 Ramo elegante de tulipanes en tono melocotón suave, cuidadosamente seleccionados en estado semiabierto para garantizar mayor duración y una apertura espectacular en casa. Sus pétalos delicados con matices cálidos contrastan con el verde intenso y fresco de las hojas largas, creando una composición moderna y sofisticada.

--

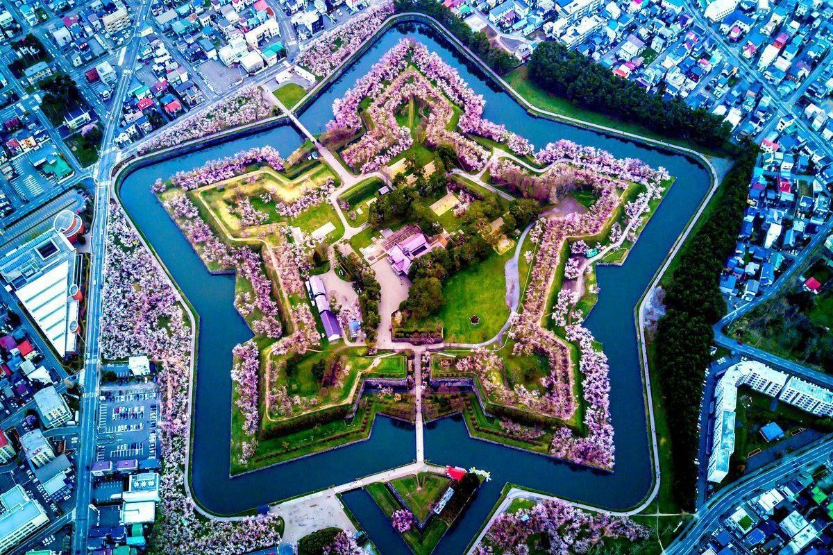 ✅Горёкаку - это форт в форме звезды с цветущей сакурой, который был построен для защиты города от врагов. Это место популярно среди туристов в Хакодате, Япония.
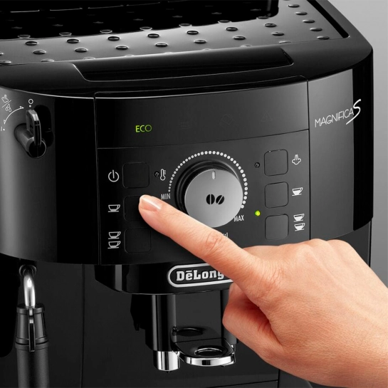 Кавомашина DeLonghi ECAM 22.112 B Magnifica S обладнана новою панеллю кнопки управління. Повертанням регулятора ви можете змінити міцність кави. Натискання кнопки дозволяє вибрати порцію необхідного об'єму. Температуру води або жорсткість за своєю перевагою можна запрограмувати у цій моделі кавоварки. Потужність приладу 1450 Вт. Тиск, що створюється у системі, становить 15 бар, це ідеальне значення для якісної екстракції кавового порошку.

--

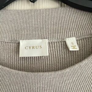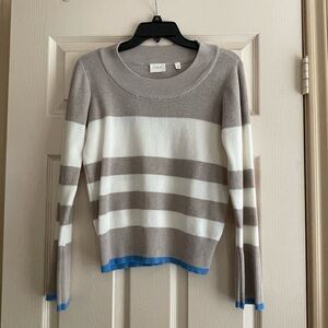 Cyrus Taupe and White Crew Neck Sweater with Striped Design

- _Directions_: Reproduce the listing above from the line that holds "в Хакодате, Япония." through the line that holds "Кавомашина DeLonghi ECAM", both included, with the pictures left out.

- _Expected answer_:
 ✅Горёкаку - это форт в форме звезды с цветущей сакурой, который был построен для защиты города от врагов. Это место популярно среди туристов в Хакодате, Япония.
 Кавомашина DeLonghi ECAM 22.112 B Magnifica S обладнана новою панеллю кнопки управління. Повертанням регулятора ви можете змінити міцність кави. Натискання кнопки дозволяє вибрати порцію необхідного об'єму. Температуру води або жорсткість за своєю перевагою можна запрограмувати у цій моделі кавоварки. Потужність приладу 1450 Вт. Тиск, що створюється у системі, становить 15 бар, це ідеальне значення для якісної екстракції кавового порошку.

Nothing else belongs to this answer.